TOTP From Scratch — How Your 2FA Code Actually Works

How does your authenticator app generate a fresh code every 30 seconds with no network call? Pure math — and fewer than 15 lines of Python.

---

Table of Contents

1. Background — Why One-Time Passwords?
2. The Standards: HOTP and TOTP
3. Step 1 — The Shared Secret
4. Step 2 — The Time Counter
5. Step 3 — HMAC-SHA1
6. Step 4 — Dynamic Truncation
7. Step 5 — The Final Code
8. Putting It All Together in Python
9. Building a Terminal Authenticator
10. Security Considerations
11. Takeaways

---

1. Background — Why One-Time Passwords?

Passwords are broken.

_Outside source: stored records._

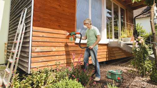 - Позволяет быстро обрабатывать большие площади (200 м² фасада за 2 дня, деревянный дом за 4-5 часов).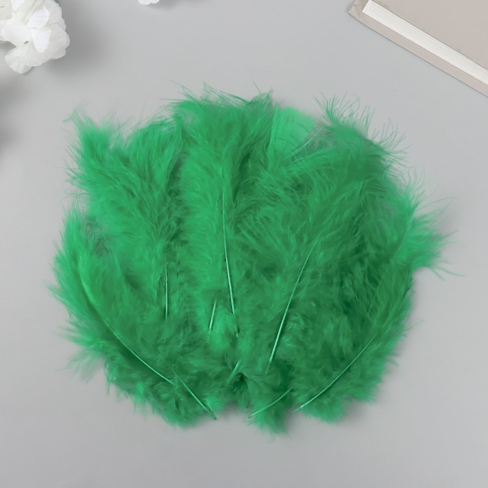 Перо декоративное гусиное пуховое "Зелёная трава" набор 40 шт h=10-15 см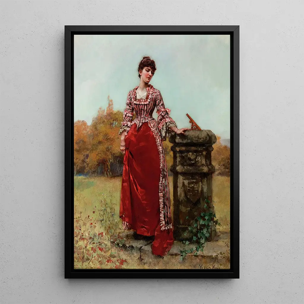 Henry John Yeend King, activo a finales del siglo XIX, es reconocido por sus paisajes llenos de poesía y luz. Influenciado por el movimiento prerrafaelita, supo capturar la belleza de la naturaleza con una sensibilidad única. Sus obras, a menudo centradas en temas bucólicos, reflejan el ideal victoriano de armonía entre el hombre y su entorno. "En el reloj de sol" ilustra perfectamente esta búsqueda de evasión y belleza, además de evidenciar la importancia de la naturaleza en el arte de esa época. King dejó su huella en su tiempo con un estilo distintivo y un enfoque refinado de la pintura.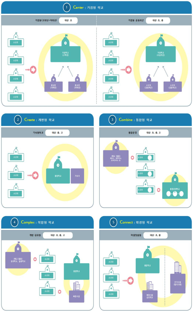 초·중학교가 대상인 ‘거점형(Center)’은 거점학교를 중심으로 주변 소규모 학교를 통합 운영하는 형태이며, 중·고교가 대상인 ‘개편형(Create)’은 소규모 학교를 기숙형학교(특성화고 등) 또는 분교장으로 개편하는 것이다.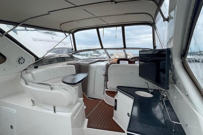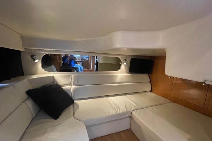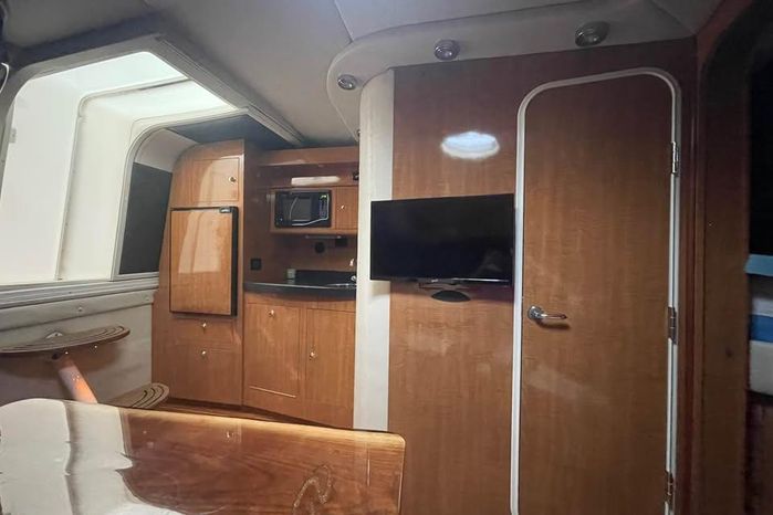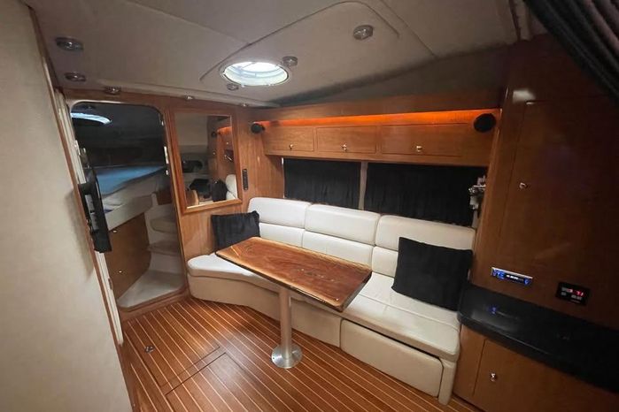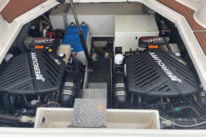 38’ LOA, 8.1 mercruisers(450hrs), Kohler generator(450hrs), 10gal water heater, heat A/C, Windlass anchor, Hurley davit system, Isinglass/camper pkg, Sleeps 6, Head/shower, full galley, Teak cabin flooring, 4 TV’s, Topdeck flooring deck/swim platform, Marine audio triple function(3 vol locations),Blue LED speakers/swim platform lights/bar lights, fold up bow ladder, foredeck sun lounge/wash down, Rear shower, cockpit fridge/sink, 24” Blackstone, All new Simrad Electronics(2025),New batteries. Full service completed this spring (2025)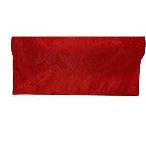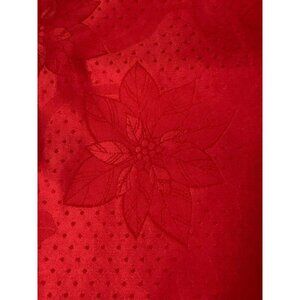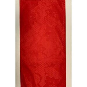 This red table runner, adorned with a poinsettia pattern, adds elegance to holiday settings. Its polyester material ensures durability and easy maintenance.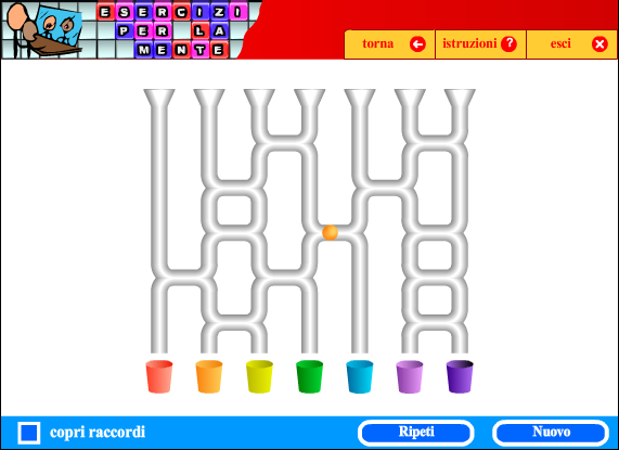 Il compito consiste nel far cadere una pallina colorata nel tubo che conduce al bicchiere dello stesso colore. Nella sua discesa la pallina cambia direzione ad ogni raccordo incontrato.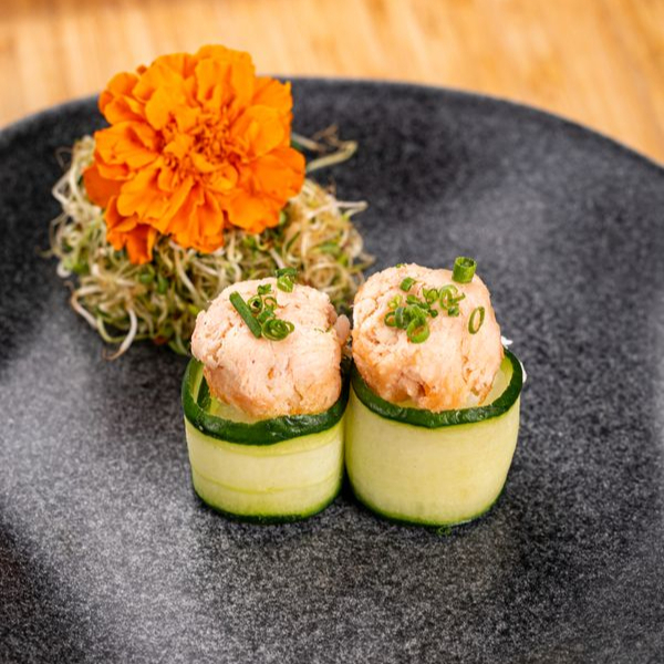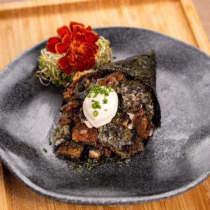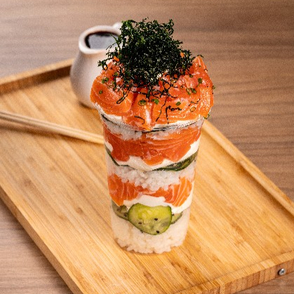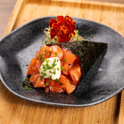 Recheado com salmão fresco, cream cheese, sunomono, e servido em uma apresentação inovadora, combina a crocância da alga nori com uma mistura cremosa e irresistível. Uma experiência deliciosa e surpreendente!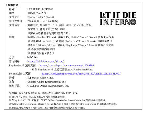 GungHo Online Entertainment, Inc.宣布了与 SUPERTRICK GAMES, Inc.携手打造,将于 2025 年 12 月 4 日(星期四)发售的肉鸽类生存动作游戏《LET IT DIE: INFERNO》的最新资讯。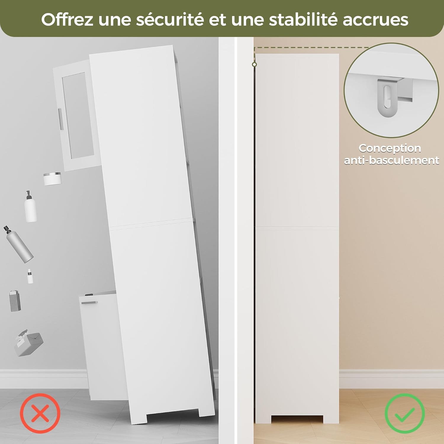 Armoire de qualité : l’armoire haute est fabriquée en bois de haute qualité et avec des ferrures métalliques, ce qui la rend stable, robuste et durable. La structure globale de l’armoire est bien conçue, ce qui lui confère une grande capacité de charge. L’armoire entière peut supporter 80 kg. Pour plus de sécurité, l’armoire haute de salle de bain est équipée d’un dispositif anti-basculement qui la rend plus stable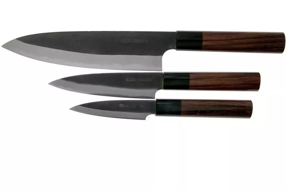 Ensemble de 3 couteaux de la série Eden Kanso Aogami. Les couteaux les plus tranchants de notre gamme ! Lame fine en acier au carbone très résistant (Aogami # 2) pour des propriétés de coupe parfaites.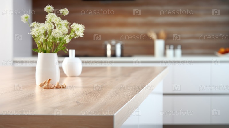 Современная кухня с пустым деревянным столом, на размытом фоне. Неглубокая глубина резкости, выборочная фокусировка, макет для монтажа текста или продукта, копирование пространства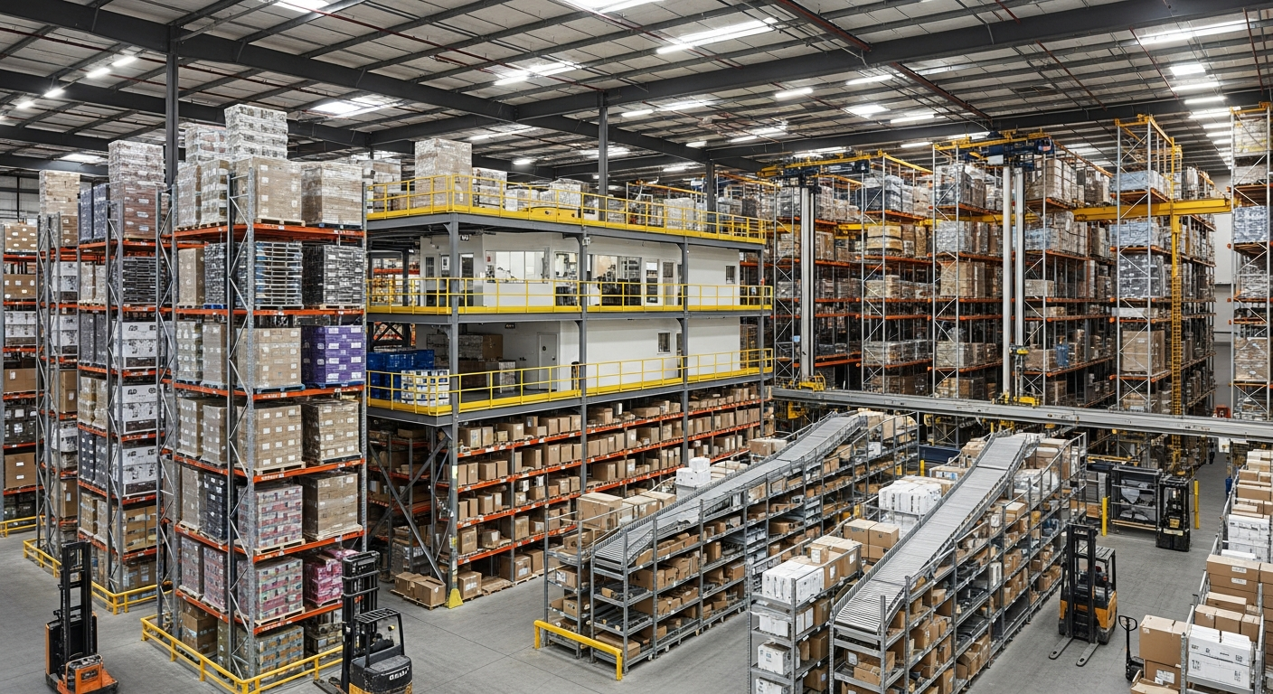 Storage uses pallet racking, carton flow systems, mezzanines, or automated retrieval depending on SKU profiles.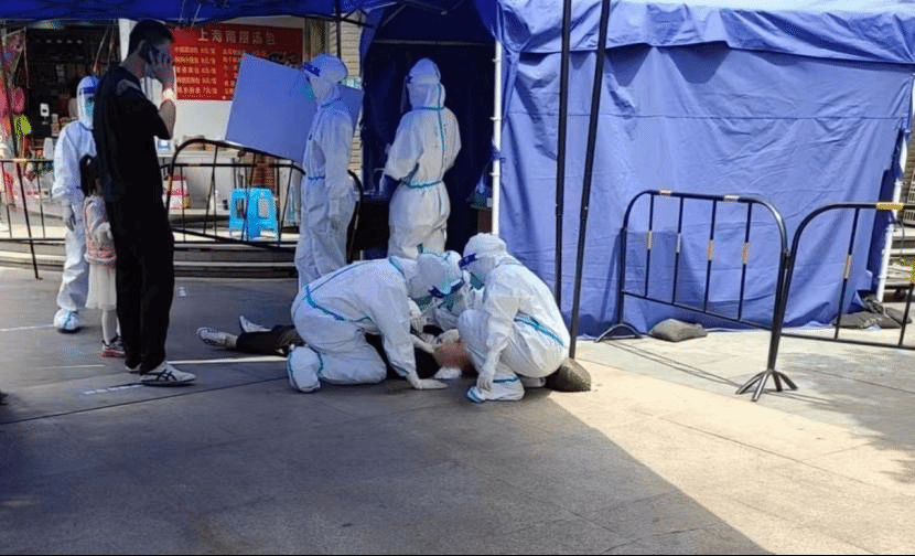 抗疫采样队员正在昆山市高新区大学园区社区开展核酸采样工作,当日天气炎热,参加测核酸的群众很多,这时突然有一名12岁的女孩晕倒,离其最近的4号采样点98堂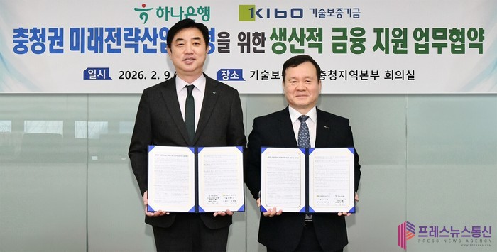 [프레스뉴스] 류현주 기자= 하나은행(은행장 이호성)은 기술보증기금(이사장 김종호)과 지난 9일 「충청권 미래전략산업(ABCDEF) 육성을 위한 생산적 금융 지원」 업무협약을 체결했다고 밝혔다.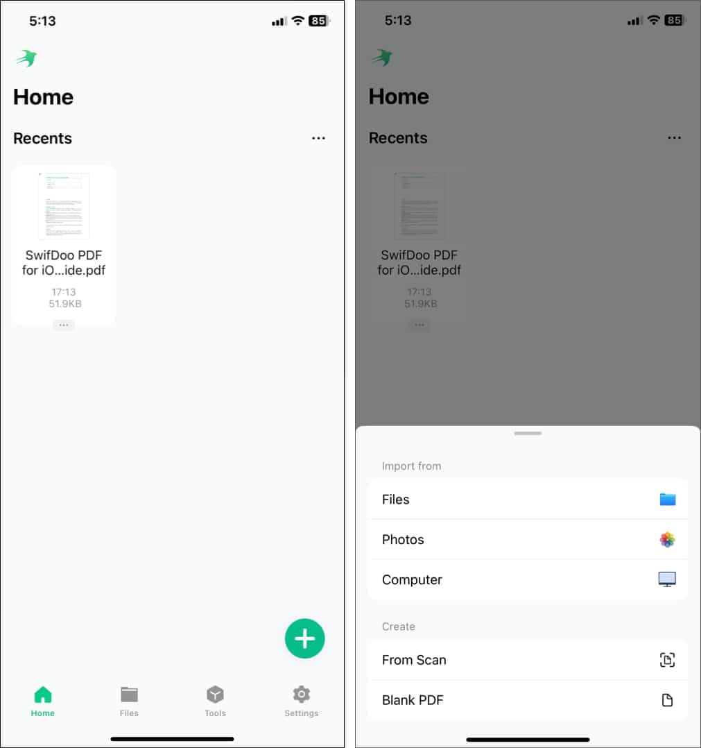 Tocar no sinal de mais no canto inferior esquerdo permitirá criar um PDF em branco ou importar um de Arquivos, Fotos ou Computador. Você também pode digitalizar diretamente o seu documento para criar um PDF. Além disso, você pode acessar todas as ferramentas oferecidas pelo SwifDoo na seção Ferramentas.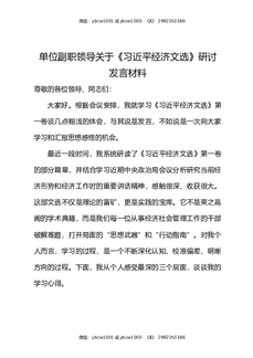 单位副职领导关于《习近平经济文选》研讨发言材料.docx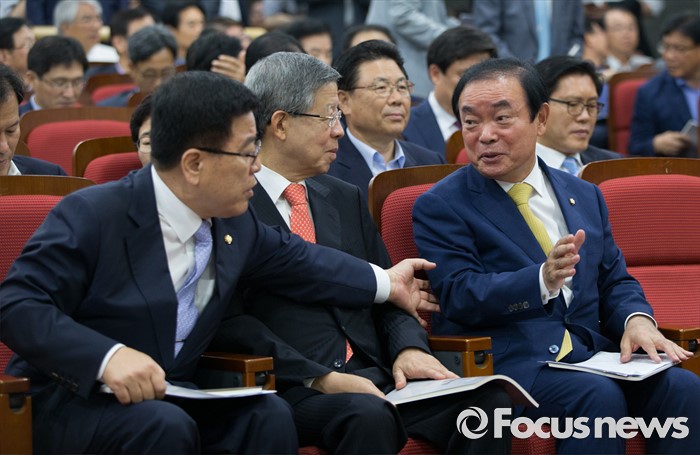(서울=포커스뉴스) 김광림(왼쪽부터) 새누리당 정책위의장, 김희옥 혁신비상대책위원장, 장병완 국민의당 의원이 22일 오전 서울 여의도 국회 의원회관에서 열린 경제재정연구포럼 토론회에서 대화하고 있다.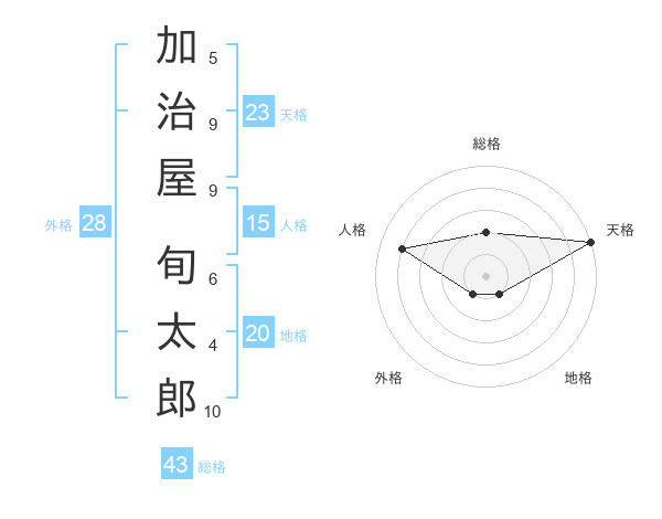 加治屋 旬太郎さんの天格は23画の5点!

They get phished, leaked in data breaches, brute-forced, and reused across dozens of services. The answer the industry landed on is a second factor — something that proves you have a physical device in addition to knowing a password.

The most common form of software-based 2FA is TOTP: a 6-digit code that rotates every 30 seconds. You’ve seen it in Google Authenticator, Authy, Bitwarden, 1Password, and countless others. You scan a QR code once, and your authenticator app produces a fresh code every half-minute, in sync with the server, without ever making a network request.

The magic is that both sides — your phone and the server — are computing the same code independently, from a shared secret and the current time. There’s no communication, no challenge/response, just math.

That math is entirely public. It’s specified in RFC 6238 and fits in fewer than 15 lines of Python.

---

2. The Standards: HOTP and TOTP

TOTP is built on top of an older standard — HOTP (HMAC-based One-Time Password, RFC 4226).

HOTP generates a code from a shared secret and an incrementing counter. Each time you generate a code, the counter ticks up. The problem: if the client and server counters drift, codes stop working.

TOTP solves this elegantly. Instead of a persistent counter, it derives the counter from the current Unix time:

$\text{counter} = \left\lfloor \frac{T_{\text{now}}}{T_{\text{step}}} \right\rfloor$

Where $T_{\text{step}}$ is 30 seconds by default. Both sides floor the Unix timestamp to the same 30-second window and get the same counter — no synchronization needed. The only requirement is that clocks are reasonably accurate, which is trivially guaranteed by NTP.

---

3. Step 1 — The Shared Secret

When you scan a QR code to set up 2FA, you’re importing a shared secret — a random byte sequence known only to you and the server. It’s stored as a Base32-encoded string, which looks like:

JBSWY3DPEHPK3PXP

Base32 uses only uppercase letters A–Z and digits 2–7. It’s URL-safe, easy to type manually, and avoids ambiguous characters.

In Python, decoding it is one line:

import base64

secret = "JBSWY3DPEHPK3PXP"
secret_bytes = base64.b32decode(secret, casefold=True)
# b'Hello!\xde\xad\xbe\xef'

The casefold=True parameter accepts lowercase input too, which matters for secrets copied from apps or entered by hand.

---

4. Step 2 — The Time Counter

With the secret decoded, we need the counter — a 64-bit big-endian integer representing which 30-second window we’re in:

import time

time_step = 30
current_time = int(time.time())      # Unix timestamp in seconds
counter = current_time // time_step  # Floor divide to get the window index
counter_bytes = counter.to_bytes(8, byteorder='big')  # 8-byte big-endian

For example, at 2026-04-17 12:00:00 UTC (Unix: 1776081600):

$\text{counter} = \left\lfloor \frac{1776081600}{30} \right\rfloor = 59202720$

Both the server and the authenticator app perform this same calculation. As long as their clocks agree to within a few seconds, they land in the same window and produce the same code.

---

5. Step 3 — HMAC-SHA1

This is the cryptographic core. We compute an HMAC-SHA1 of the counter bytes, using the shared secret as the key:

import hmac
import hashlib

hmac_hash = hmac.new(secret_bytes, counter_bytes, hashlib.sha1).digest()
# 20-byte result

HMAC (Hash-based Message Authentication Code) takes a key and a message and produces a fixed-length tag. Unlike a raw hash, it’s resistant to length-extension attacks, and its security depends on the key being secret.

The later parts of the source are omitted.